Application range of GEM model in oncology research

As a GEM model of primary tumorigenesis, it can be a systemic choice for in vivo analysis of interactions between cells themselves and cells during tumor formation, development, and tumor formation during metastasis. The human tumor GEM model has also been successfully applied to verify candidate drug targets, evaluate treatment effects, and evaluate drug tolerance mechanisms. Since the GEM model forms primary tumors in mice with intact immune systems, this model is more suitable for exploratory research in potential tumor immunotherapy. To establish a strategy and method for the close correlation between genetically modified mouse models and human diseases, and to provide a meaningful application platform for exploring and developing new methods and strategies for tumor therapy. It also provides information on clinical treatment effects and other information for the design and development of new anti-tumor treatments. The GEM model plays an important role in the research progress and contribution of tumor biology and transformational oncology in the following aspects.

1. Verify potential oncogenes

On the basis of a large number of tumor sample sequencing studies to obtain increasing potential tumor genes, it is necessary and practical to establish a strategy for rapid verification of these potential tumor-associated genes in vivo. Given the speed and relative simplification factors, GEM-ESC and CRISPR/Cas9 technologies are the preferred method for quickly validating potential tumor genes. In particular, the use of somatic-based CRIPPR/Cas9-mediated gene editing technology to establish a non-genetically modified mouse model to achieve high-throughput in vivo verification of potential tumor genes. For example, a combination of DNA injection and in vivo electroporation is used to introduce 15 gRNAs/Cas9 expression plasmid mixtures of 13 different major tumor suppressor-related genes in pancreatic ductal adenocarcinoma (PDAC) into mature mice. In the pancreas, a mouse model in which these 13 genes were simultaneously modified was constructed. The results showed that more than 60% of these target genes in this PDAC mouse showed gene knockout, suggesting that CRISPR/Cas9-mediated mutations induced tumor formation. Similarly, the GEM model that induces Cas9 expression using Dox was also used to validate a variety of known intestinal tumor genes (such as Apc and Trp53). In addition to modifying TSGs, CRISPR/Cas9 technology is also used to verify the carcinogenicity of chromosomal rearrangements, such as the fusion of the Eml4-Alk gene observed in lung cancer patients.

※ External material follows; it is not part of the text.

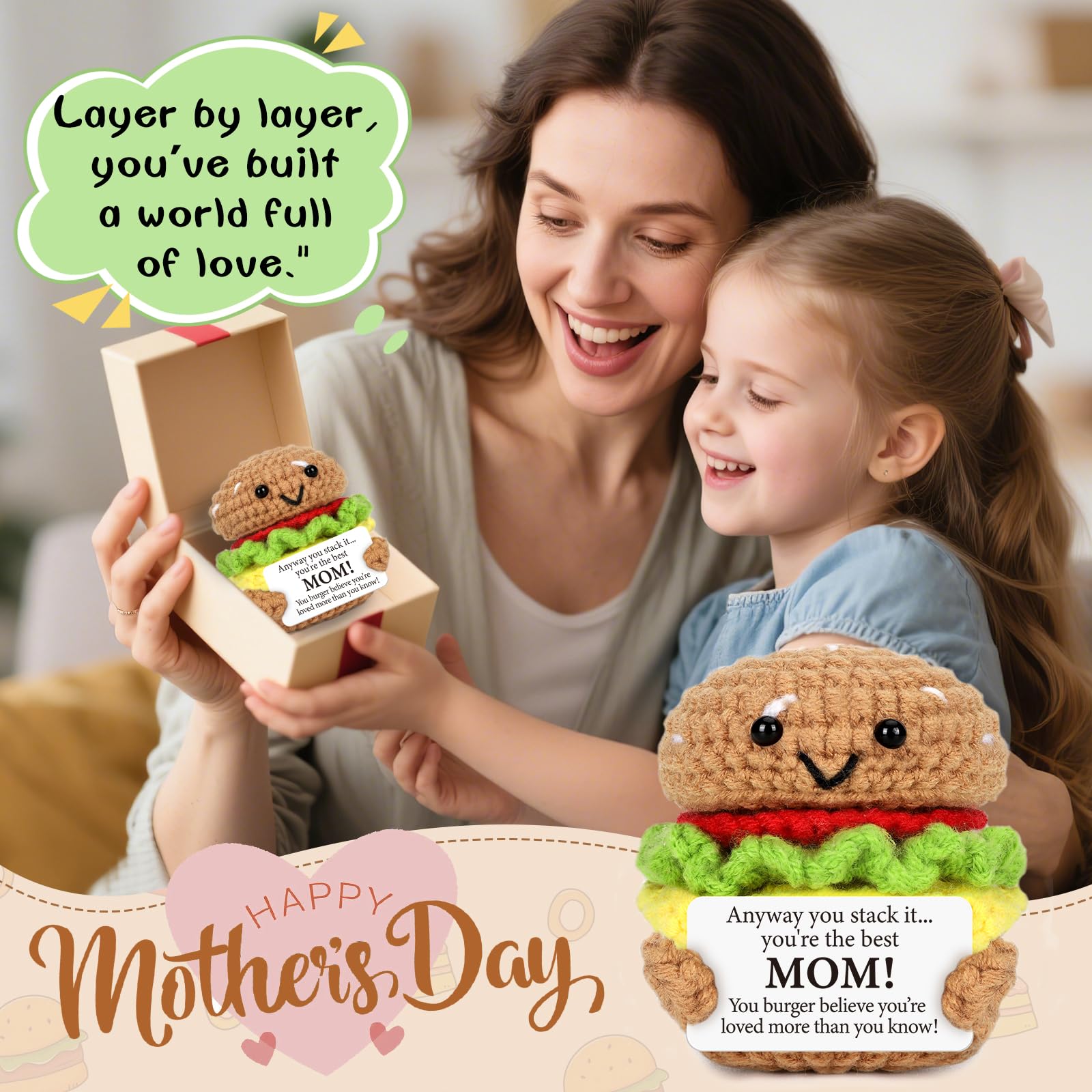 - Q: Does the burger come with any additional items? A: Yes, the crochet burger comes with a sweet card that reminds mom that she is always deeply loved.

In addition, the use of the GEM model to validate candidate potential oncogenes from clinical patients and screened has also become a common strategy for studying tumor-related gene function. For example, Professor Hu Zhuowei's group recently studied the role of pseudokinase Trib3 in promoting the formation of acute promyelocytic leukemia (APL) by constructing conditional overexpression and knockout GEM models. The results showed that it was also in mouse bone marrow cells. Specific expression or knockdown of Trib3 and oncogenic protein PML-RARa (PR) fusion gene, Trib3 gene can significantly increase the role of PR-induced APL formation. Professor Lu Yi's group was the first to confirm the specific overexpression of Sry gene male/female mice in the liver tissue by constructing the GEM model of the Y chromosome sex determining region (Sry) gene-specific chemical carcinogen (DEN) Inducing the formation of hepatocellular carcinoma (HCC) in mice is more sensitive, suggesting that the Sry gene plays an important role in the formation of HCC.

2. Study the dependence of oncogenes

Oncogene dependence refers to the fact that certain tumor formation is completely dependent on a single consensus oncogene. Since the modification of genes by the conditional GEM model is irreversible, it is not suitable for studying oncogene dependence. Therefore, it is necessary to select different regulatory induction strategies for corresponding research, such as the fusion of oncogenes and ERT to control their expression. It has been reported that the Trp53-ERT variant replaces the homozygous Trp53-established homozygous knock-in mouse, and the Trp53-ERT mouse induces Trp53 expression only in the presence of Tamoxifen, and has formed a tumor mouse model. On the basis of the study, the effect of re-purification of p53 function on existing tumors was studied. The results showed that on the basis of lymphoma caused by Eu-Myc, the recovery of Trp53 activity can produce rapid apoptosis and significantly increase the survival rate of mice. In addition, the reversible induction system of Doxycycline (Dox) regulating gene expression was also applied to the establishment of the GEM model, and the expression of human MYC proto-oncogene was induced by this system to cause tumor formation. After shutting down the expression of the MYC gene, the corresponding reaction of the formed tumor after the proto-oncogene was inactivated was observed. This study is a Tet-off induction system using Dox, which continuously expresses the human MYC transgene in mouse hematopoietic stem cells, induces the formation of malignant T-cell lymphoma and acute myeloid leukemia in mice, on the basis of which, if induced by the addition of Dox After stopping the expression of MYC, the tumor phenotype was also found to be weakened, and it was confirmed that this process was associated with tumor cell cycle death. The study also found that different tumor types are different for the long-term effects of stopping the activation of MYC expression in this reversible induction system. For example, transient inhibition of MYC expression in osteosarcoma, as sarcoma cells differentiate into mature bone cells, will continue to shrink sarcoma. On the contrary, although the inhibition of MYC expression causes diffuse atrophy of liver cancer, the remaining tumor cells are still in a latent state, and after re-opening MYC expression, their tumor characteristics can be quickly restored.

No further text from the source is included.